For Logan Black, Jaiven Rodriguez and Zair al Ruyi, New York City is spread out before them like the Garden of Eden…and no one knows the sweet taste of forbidden fruit better than America’s most ruthless billionaires! Jaded and cynical, with a darkness that threatens to consume them whole, they think they’ve seen it all. But temptation has something new in store for each of them…
In Part One of The Billionaire’s Intern, Addison Treffen finds herself working for Logan Black—the notorious billionaire who literally came back from the dead. She might think she’s found a safe haven from the shocking scandal surrounding her family, but has she really?
The Billionaire’s Intern - Part 1
Maisey Yates
www.millsandboon.co.uk
To Caitlin and Kate, for being amazing partners in crime on this series. You made things that were hard feel much easier.

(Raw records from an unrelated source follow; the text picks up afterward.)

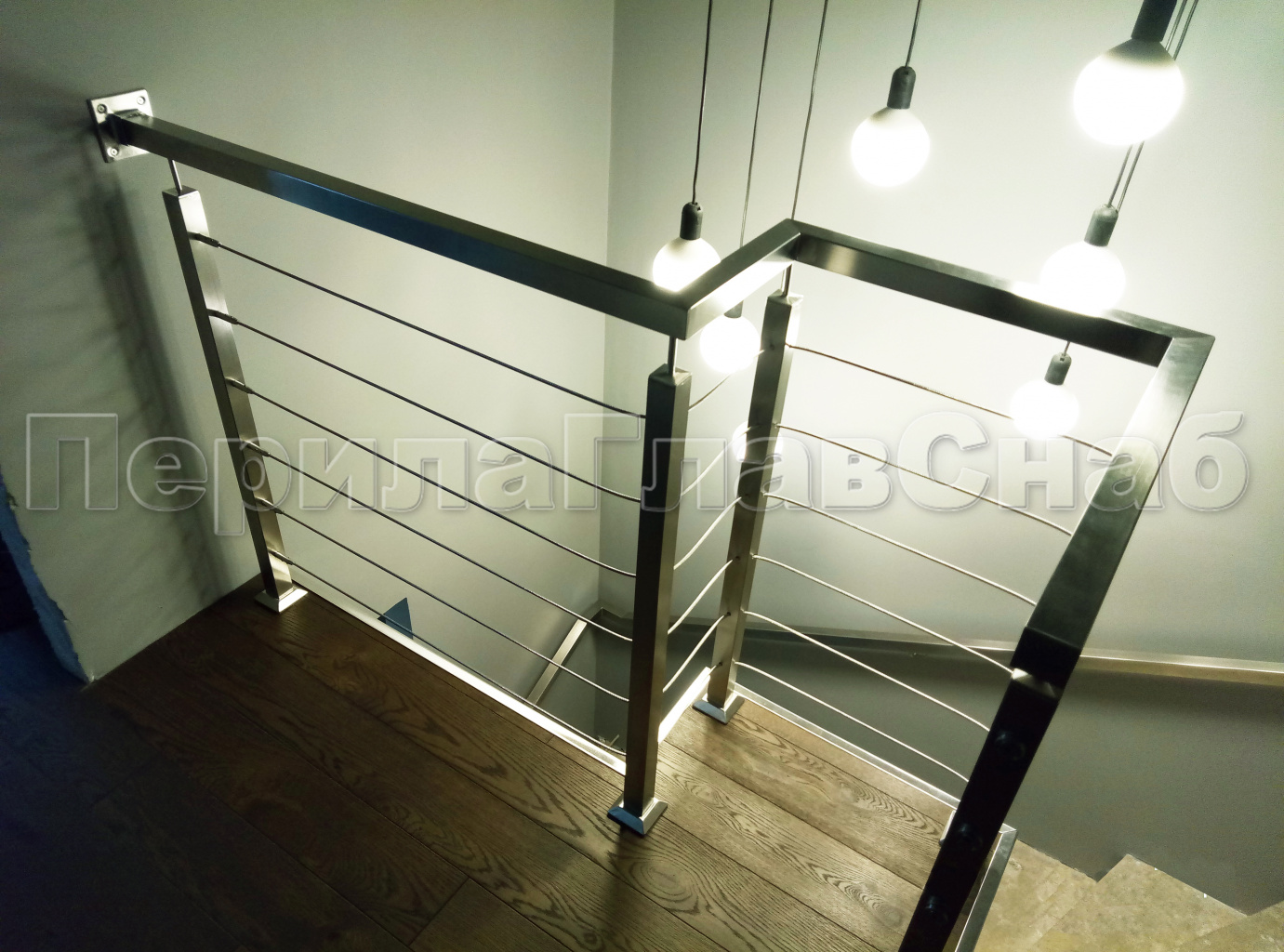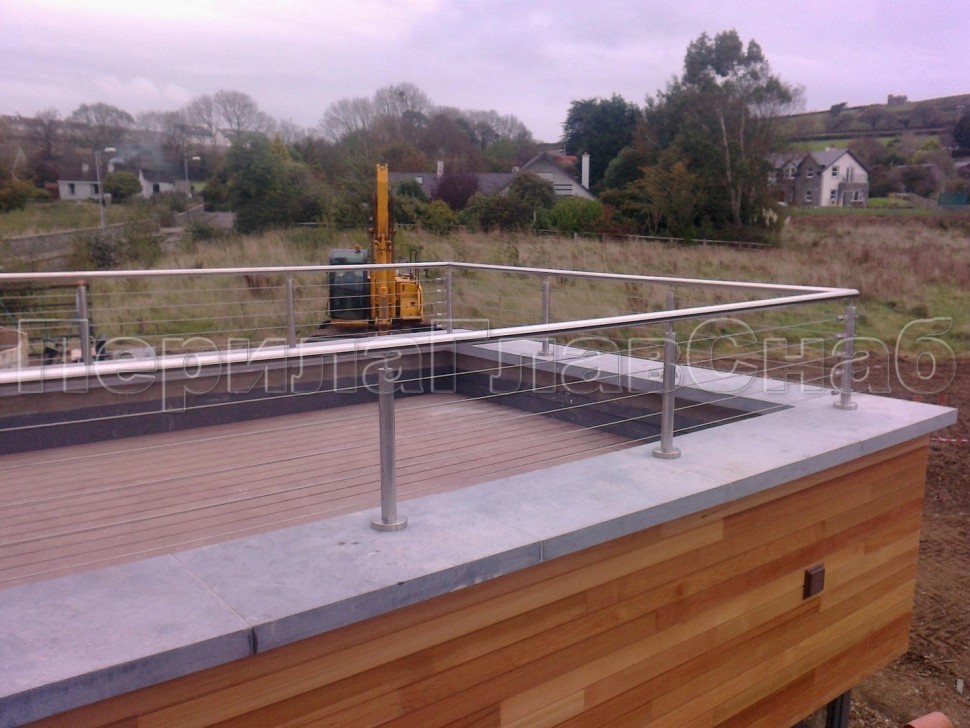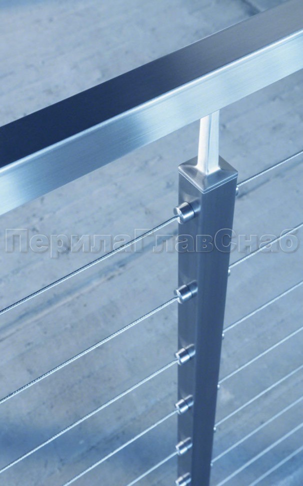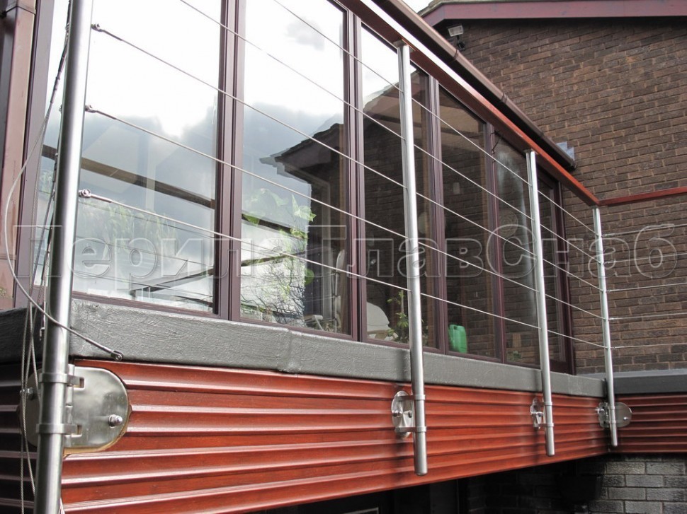 Ограждения из нержавейки. Заполнение из 7ми тросиков + декоративные наконечники
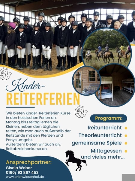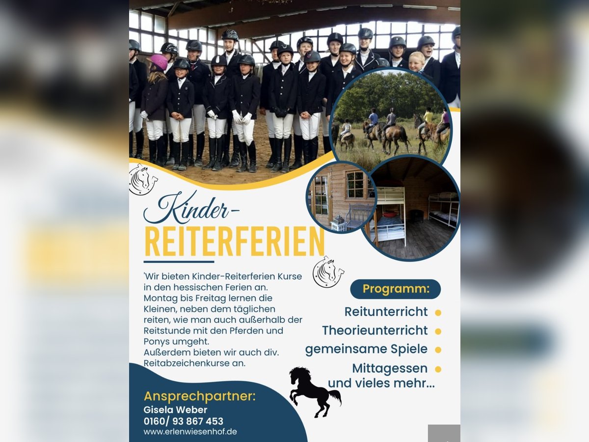 Springen: Wir bieten Springunterricht vom Anfänger bis zum Fortgeschrittenen auf Schul- und Privatpferden. In Kleingruppen gemeinsam lernen von Basic Trainings für Anfänger über Gymnastikspringen und Parcour für Amateure. Auch beim Training und Ausbildung junger, unerfahrener Pferde stehen wir gerne zur Verfügung. Dressur: Wir bieten Dressurunterricht vom Anfänger bis zum Fortgeschrittenen auf Schul- und Privatpferden. Für Kinder ab 4 Jahren bieten wir Pony Longestunden an. Je nach Leistungsniveau bieten wir Ihnen auf dem Pony oder Großpferd von Longestunden bis Abteilungsreiten und bei Interesse auch Turnierreiten an. Reiterferien: Wir bieten Kinder Ferienwochen in den hessischen Schulferien. Montag bis Freitag lernen die Kleinen, neben dem täglichen Reiten , wie man mit den Pferden und Ponys auch außerhalb des Reitens umgeht. Beritt und Turniervorstellung: Die Leidenschaft für Pferde wurde Jan-Carsten Weber bereits in die Wiege gelegt. Die Affinität zum Springreiten entdeckte er aber erst ein wenig später. Ab diesem Zeitpunkt wurde er stets von seiner Familie unterstützt und gefördert. Einer seiner Trainer zu dieser Zeit war Dirk Hafemeister. Seine Ausbildung zum Pferdewirt absolvierte er beim DOKR in Warendorf. Dabei sammelte er u.a. Erfahrung beim Ausbilden junger Reiter und deren Pferde. Auf Turnieren stellt er besonders die Junghengste, die auf dem Erlenwiesenhof stationiert sind und Pferde aus der eigenen Zucht vor. Der Erlenwiesenhof, der bekannt für Zucht und Aufzucht von Springpferden im Rhein-Main Gebiet ist, bat Jan die Möglichkeit ausreichend Erfahrung, Geduld und Entschlossenheit im Bereich Beritt (u.a. Anreiten und korrektur) zu sammeln. Neben Springunterricht auf Schul-und Privatpferden bietet Jan Berittplätze (je nach Verfügbarkeit) und Turniervorstellungen an. Jungpferdeaufzucht: Jahrelange Erfahrung – Wissen, Beobachtung und vieles mehr – trägt dazu bei, das man mit Knut Weber einen Profi im Bereich der Pferdezucht als optimalen Ansprechpartner mit Fokus auf den Springsport hat. Neben den talentierten Deckhengsten, die nach großer Überlegung ausgewählt wurden und auf dem Erlenwiesenhof stationiert sind, wird natürlich auch auf die Stute ein besonderes Augenmerk gelegt, um die bestmöglichen Fohlen zu züchten und aufzuziehen. Bei Bedarf wird die Stute von Beginn bis hin zur Absetzung des Fohlens betreut. Anschließend gehen die Fohlen in Gruppen auf die Wiese bis sie alt genug sind zum Anreiten.
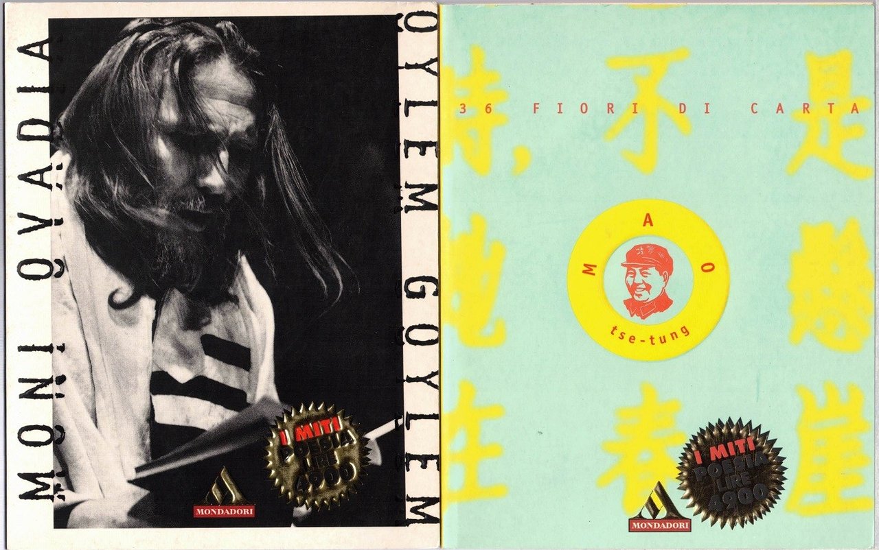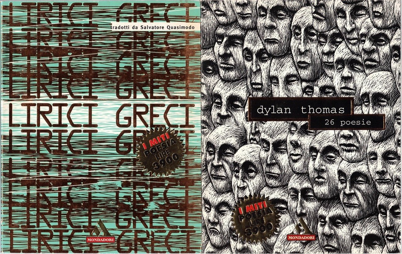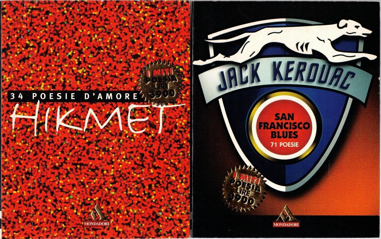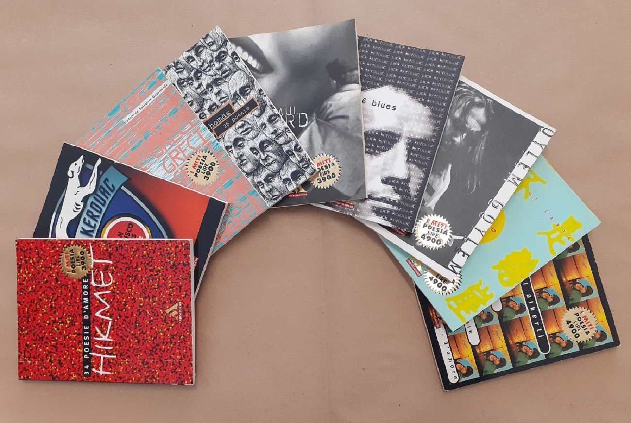 Il lotto comprende 9 volumi della collana I miti. Poesia, Arnoldo Mondadori Editore, Milano 1996-1998, pp. 618 totali, cm 16, br. ed. Dettaglio lotto: Nazim Hikmet, 34 poesie d’amore, traduzione di Joyce Lussu, Arnoldo Mondadori Editore, Milano 1996, prima ed., pp. 67, cm 16, br. ed. (collana I miti. Poesia, vol. 2) – Jack Kerouac, San Francisco Blues. 71 poesie, traduzione di Massimo Bocchiola, Arnoldo Mondadori Editore, Milano 1996, prima ed., pp. 66, cm 16, br. ed. (collana I Miti. Poesia, vol. 17) – Lirici greci, tradotti da Salvatore Quasimodo, Arnoldo Mondadori Editore, Milano 1996, pp. 64, cm 16, br. ed. (collana I Miti. Poesia, vol. 19) – Dylan Thomas, 26 poesie, traduzione di Ariodante Marianni, Arnoldo Mondadori Editore, Milano 1997, prima ed., pp. 66, cm16, br. ed. (collana I miti. Poesia, vol. 30) – Paul Eluard, 44 poesie, traduzione di Vincenzo Accame, Arnoldo Mondadori Editore, Milano 1997, prima ed., pp. 64, cm 16, br. ed. (collana I Miti. Poesia, vol. 42) – Jack Kerouac, 36 blues, traduzione di Massimo Bocchiola, Arnoldo Mondadori Editore, Milano 1998, prima ed., pp. 62, cm 16, br. ed. Moni Ovadia, Oylem goylem. (Il mondo è scemo), Arnoldo Mondadori Editore, Milano 1998, pp. 89, c, 16, br. ed. (collana I Miti. Poesia, vol. 54) – Mao Tse-tung, 36 fiori di carta, traduzione di Renata Pisu, Arnoldo Mondadori Editore, Milano 1998, pp. 76, ill. col., cm 16, br. ed. (collana I Miti. Poesia, vol. 55) – Rafael Alberti, 47 poesie d’amore, traduzione di Marcella Eusebi Ciceri, Arnoldo Mondadori Editore, Milano 1998, pp. 64, cm 16, br. ed. (collana I Miti. Poesia, vol. 56). Tutti i volumi fanno parte della prima ed. della collana I Miti. Poesia. Accenni di fioriture al taglio superiore dei volumi, minima brunitura della carta, per il resto perfetti.
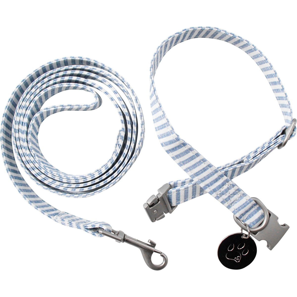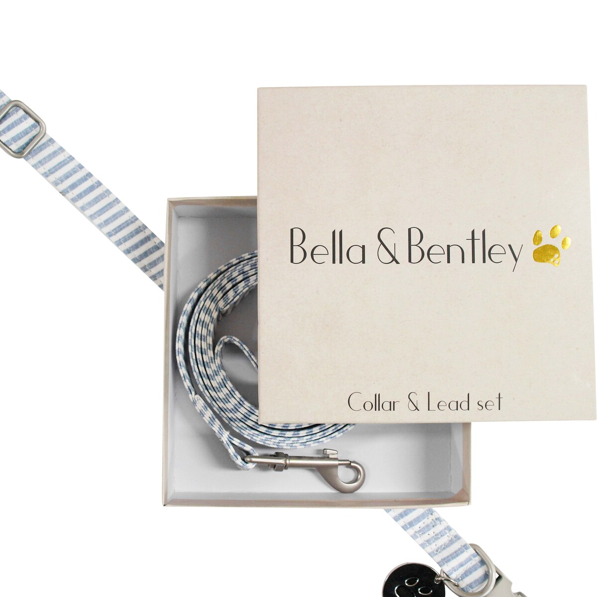 The timeless Hamptons-inspired pattern features a serene palette that effortlessly blends into various home and office decor schemes, adding a touch of elegance and sophistication. Whether draped over a coat rack, hanging by the door, or placed neatly in a storage basket, this collar and lead set not only serves a functional role for pet owners but also doubles as captivating decor.

I’m so thankful for your talent, your generosity and your friendship. Love you both.
The Forbidden Series
Billionaires who can look, but shouldn’t touch!
The Billionaire’s Intern
Part One
For Logan Black, Jaiven Rodriguez and royal Zair al Ruyi, New York is spread out before them like the Garden of Eden…and no one knows the sweet taste of forbidden fruit better than America’s most ruthless billionaires!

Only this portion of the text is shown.